Everyone had seen him. Everyone would be seeing this, too, the flyer left on Ralph’s bar. And if he’d spotted the resemblance, so would someone else—it was just a matter of waiting for the pennies to drop—and then the number would be rung, and questions asked and answered.
££££
He’d felt sorry for the guy, sure. But somebody was going to collect, and Ralph had already turned money down once.
He checked the place was empty, then reached for the phone.
3.10
“So you’d be Ralph.”
“Yeah.”
“Ralphie. What’ve you got for me, Ralphie?”
“It’s like I just said to your man there—”
“Yeah, but you’re talking to me now. Just tell me what you have to say.”
Pause.
“I don’t even know who I’m talking to.”
“You can call me Bishop.”
Pause.
“Name rings a bell, does it?”
“I’ve heard of you, yeah. I reckon.”
“You reckon. That’s good. You just keep on reckoning that, Ralphie. And meanwhile, tell me what you know.”
“I serve bar.”
Pause.
“Nothing to be ashamed of there, Ralphie, but let’s cut to the chase, shall we? You serve bar where.”
“Place called Kings of Cool.”
“Hoxton way?”
“Yeah.”
“So you serve bar in Hoxton and you’re calling me because you saw my number on a flyer. Do you know the man, Ralphie?”
“No.”
“But you’ve seen him around.”
“Yeah. I think so.”
“When?”
“He had more hair, though. A beard and that. Looked like he’d been sleeping rough.”
“When?”
“Couple of nights ago?”
“You asking or telling?”
“Couple of nights ago.”
“Rough sleeper, how come he’s finding his way into a bar round N1?”
“He slipped past the doormen.”
“He slipped past the doormen. You wouldn’t be pulling my chain, would you, Ralphie?”
“It’s what happened.”
“What name’d he give?”
“He didn’t.”
“Course not, rough sleeper, finessing his way past a couple of Hoxton’s finest. What’d he drink?”
“He didn’t get a drink.”
“So he was what, just checking out the décor, Ralphie?”
“He had a photo. He was trying to find
out …”
Pause.
“Getting bored here, Ralphie.”
“He had a bag with him. A cloth bag. And an urn in it … He said it was his son. His son’s ashes.”
Pause.
“You’re pulling my chain.”
“He had a photo too. Wanted to know if I recognised his son. If he was a regular. He’d been up and down the road, asking in all the clubs. Made himself well unpopular.”
“I bet he did an’ all, Ralphie. I bet he did.”
Pause.
“Okay, Ralphie. Your place doesn’t do cabaret, does it?”
“… Once in a blue moon.”
“Because if you’re making that lot up, you really should be on a stage. Son’s ashes in a bag. That is …”
Pause.
“Pinteresque.”
Pause.
“He wrote plays. Never mind. Kings of Cool. This pans out, there’ll be someone popping in, Ralphie, see you right.”
Bishop hung up.
Afterwards Ralph washed his hands, aware he didn’t really need to. He’d washed them once already, and nobody got dirty hands just using the phone.
Still.
He washed them anyway.
Bishop didn’t know what that was about, the stuff with the ashes in the bag, but it didn’t matter, not at four o’clock in the morning. So Martin Boyd was having some sort of meltdown, but who cared? Meltdowns made you careless. Boyd must have known getting hold of a gun was going to light up the switchboard of his old acquaintance. He had to be off his nut going to Dancer Blaine to get tooled up.
Though maybe, he thought, Boyd was on some kind of quest. A dead boy in one hand, a gun in the other, yeah, some kind of quest.

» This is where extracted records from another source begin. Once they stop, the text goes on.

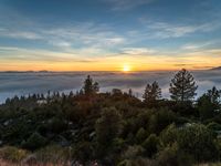 an orange sky above the clouds on a mountain side at sunset with trees and hills below
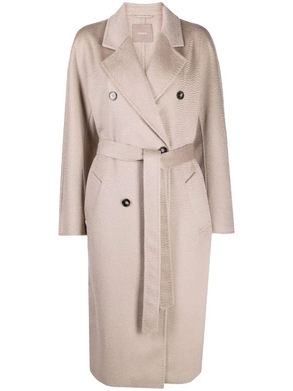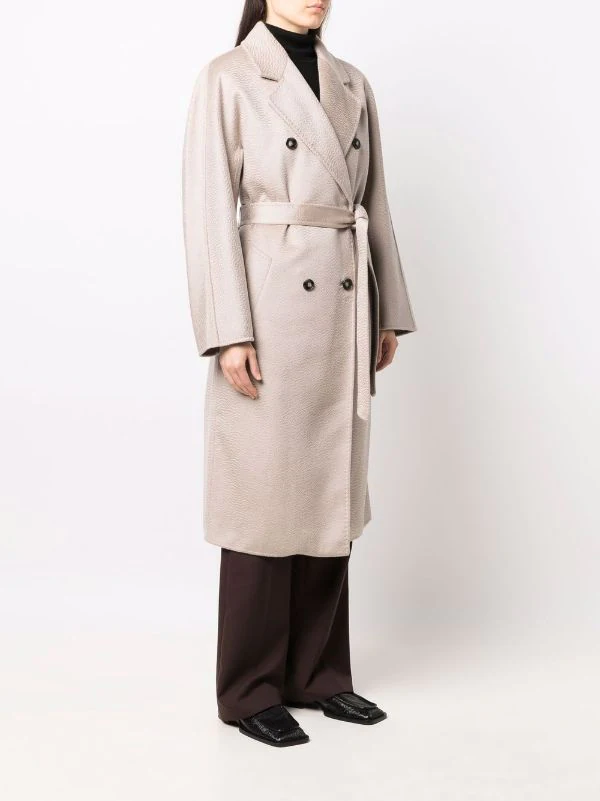 Boutonnière croisée, taille ceinturée, manches longues, poches latérales fendues. Matière : cachemire.
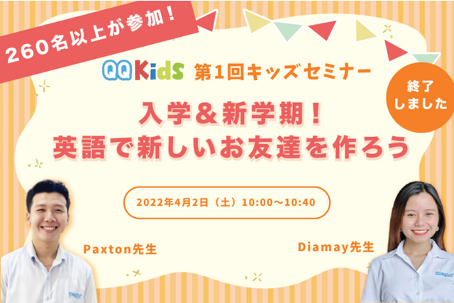 QQキッズでは「入学&新学期!英語で新しいお友達を作ろう」をテーマに、2022年4月2日(土)にキッズ向けの無料オンラインイベントを開催しました。
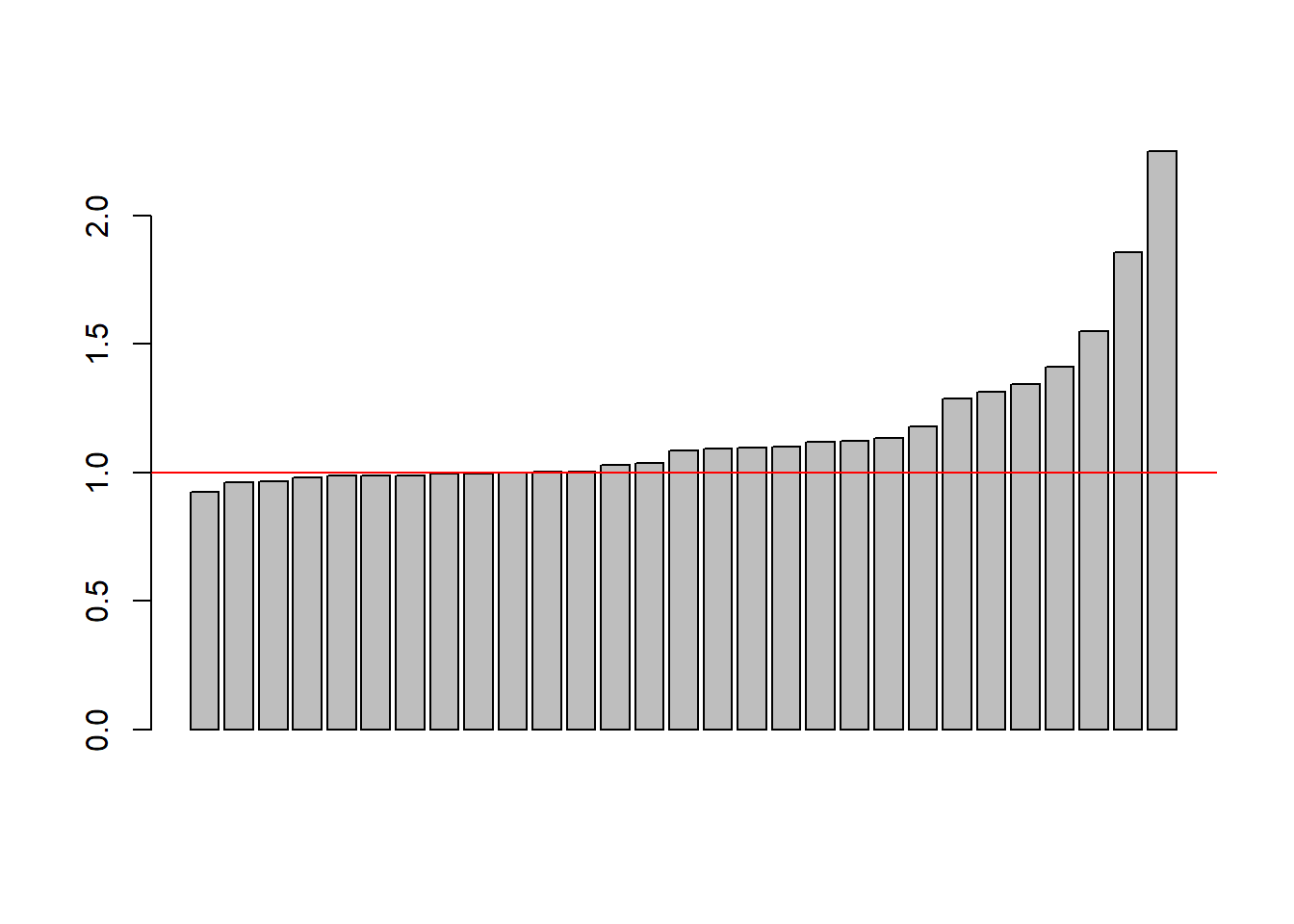 barplot(sort(mw2$se/mw1$se))
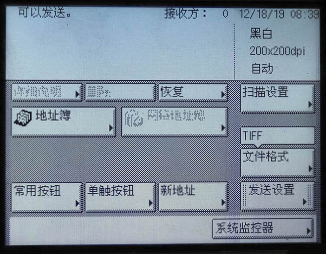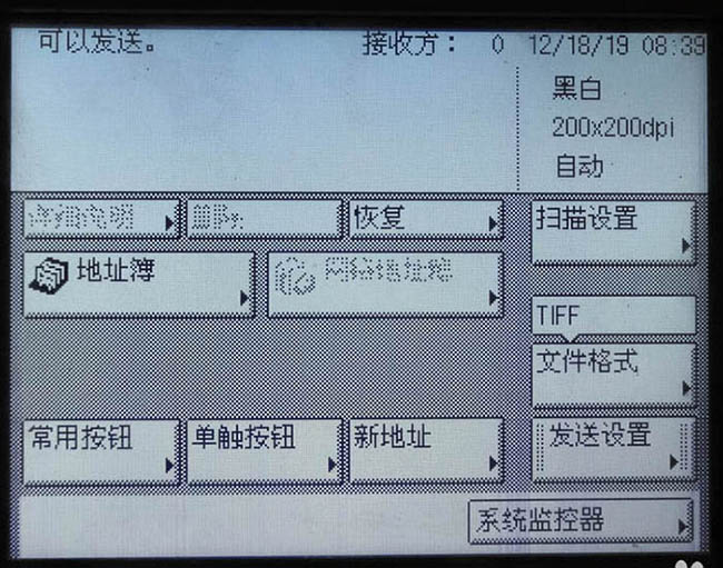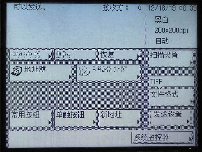 3、經過調試后界面左上角顯示(可以發送)。這個步驟在安裝打印機時已經設置好了。 缺少接收方。 單擊地址簿按鈕。進入下一步操作。
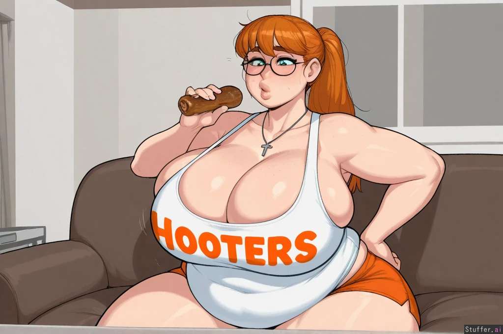 (( solo, krekkov, adult)) (( female, green_eyes, thick_lips, ((detailed_eyes)) )), ginger hair, long ponytail, glasses ((Hooters, white_shirt, orange_shorts, cleavage, cross_necklace)) gigantic_belly, gigantic_breasts, gigantic_thighs, hyper_belly, hyper_breasts, hyper_thighs, mature, bloated_belly, immobile, morbidly_obese, indoors, messy_room, eating, takeout_containers, couch, casual, eating food, looking_down, heavy_blush, holding_food, motion_lines hand_on_hips)), shy, freckles
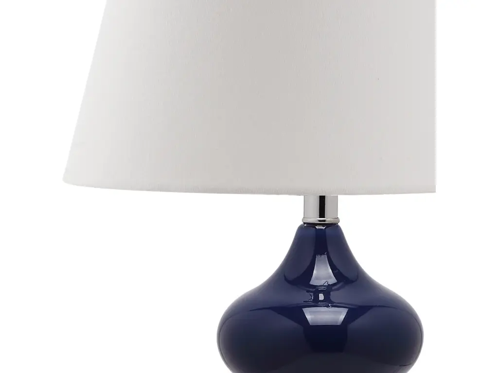 Illuminate your living room, bedroom or family room in a contemporary way with this double gourd table lamp. Shapely glass base is topped with a clean and simple white fabric shade for a fresh complement. Sold as a set of two.
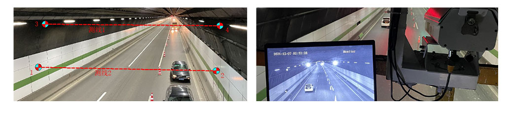 项目采用机器视觉智能测量仪对隧道结构进行实时监测。隧道跨中拱顶安装1台测量仪,两侧对称安装4个靶标组成两条测线,对收敛情况进行监测。
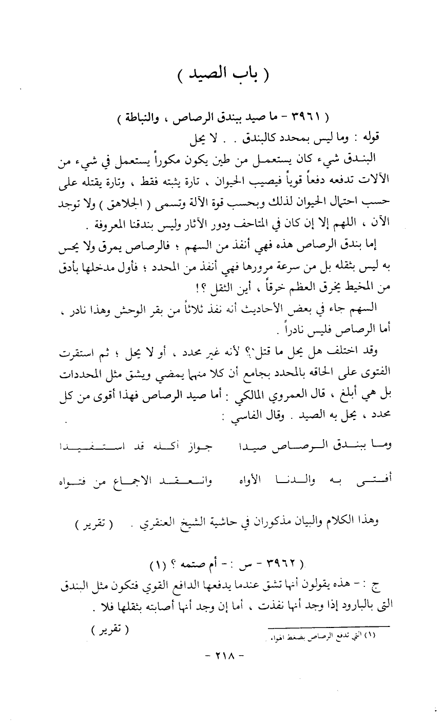 (3961 _ ما صيد ببندق الرصاص. والنباطة)
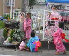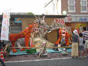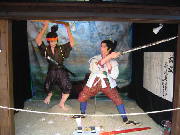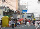 本町通りにやってくると、大きな造り物が目に入ります。材料は何でもありの造り物ですが、商店街の人が時間をかけて造っています。左の写真は、虎と竜を題材とした「竜虎」です。右の写真は、宮本武蔵と佐々木小次郎の戦いを描いた「巌流島の闘い」。造り物は世相を反映し、ボブサップや招きトラもありました。そして、数多くの露店が並び、おいしそうな香りも漂っていました。
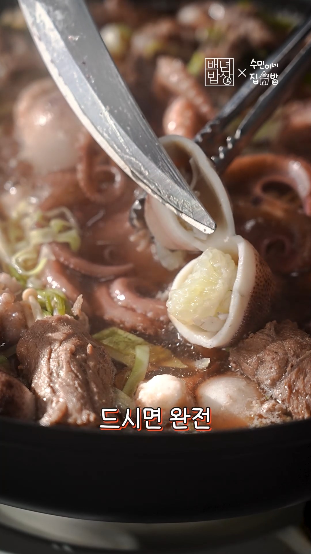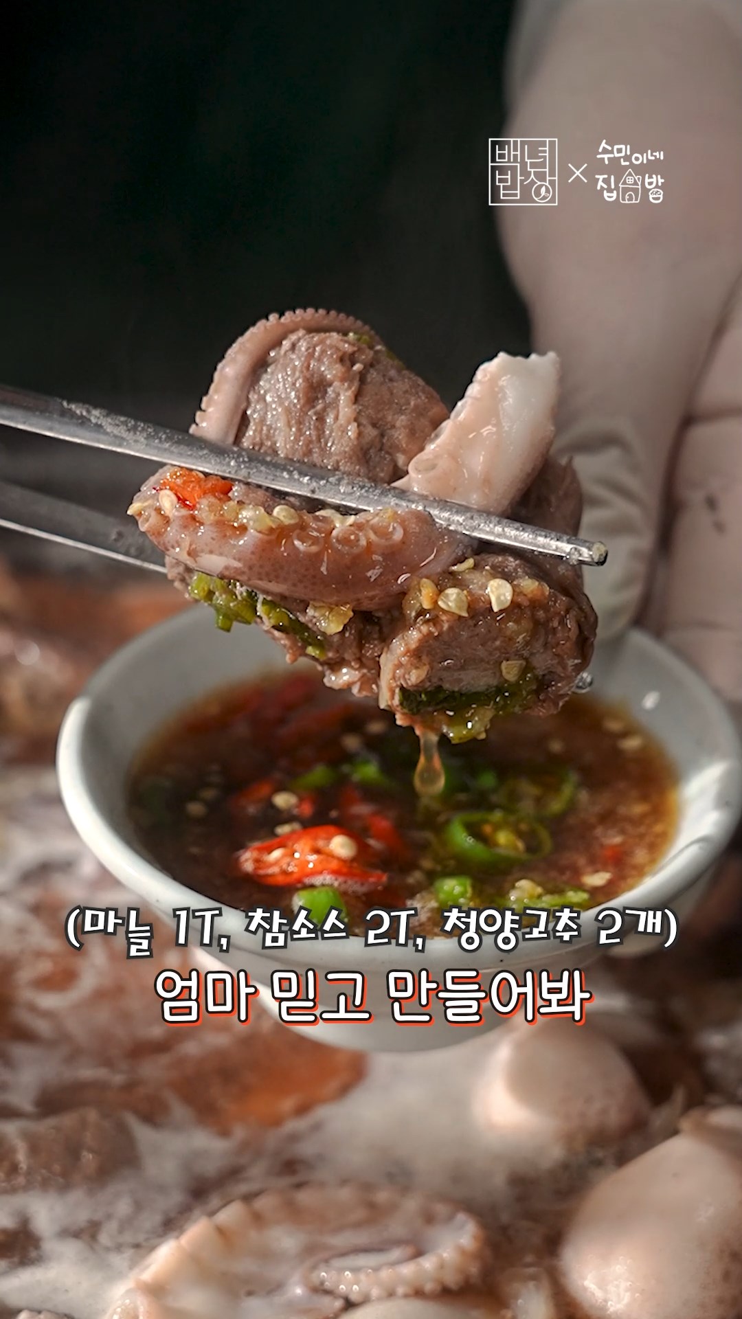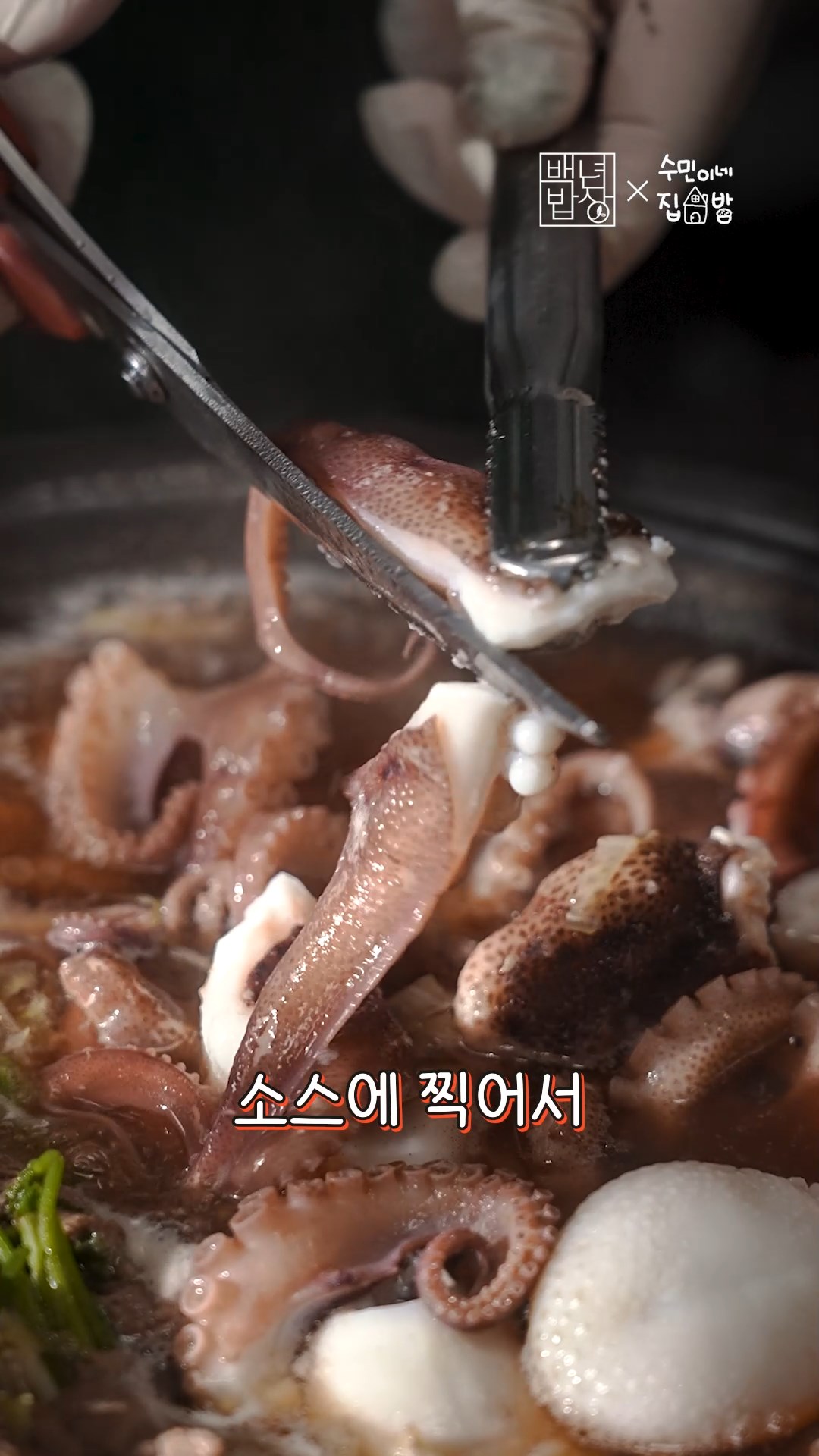 5. 고기와 쭈꾸미가 익으면 가위로 잘라 소스에 찍어먹으면 완성!

That would be where the gun came in.
But it didn’t matter. Made no difference to what Bishop was going to do next, which was summon up some muscle and put it on the streets of N1. Maybe Boyd would get lucky, and see his quest through before they picked him up. If not, unfinished business would be the least of his worries. He’d be starring in his very own snuff movie, scripted by the Brothers McGarry. All Bishop had to do was set it up.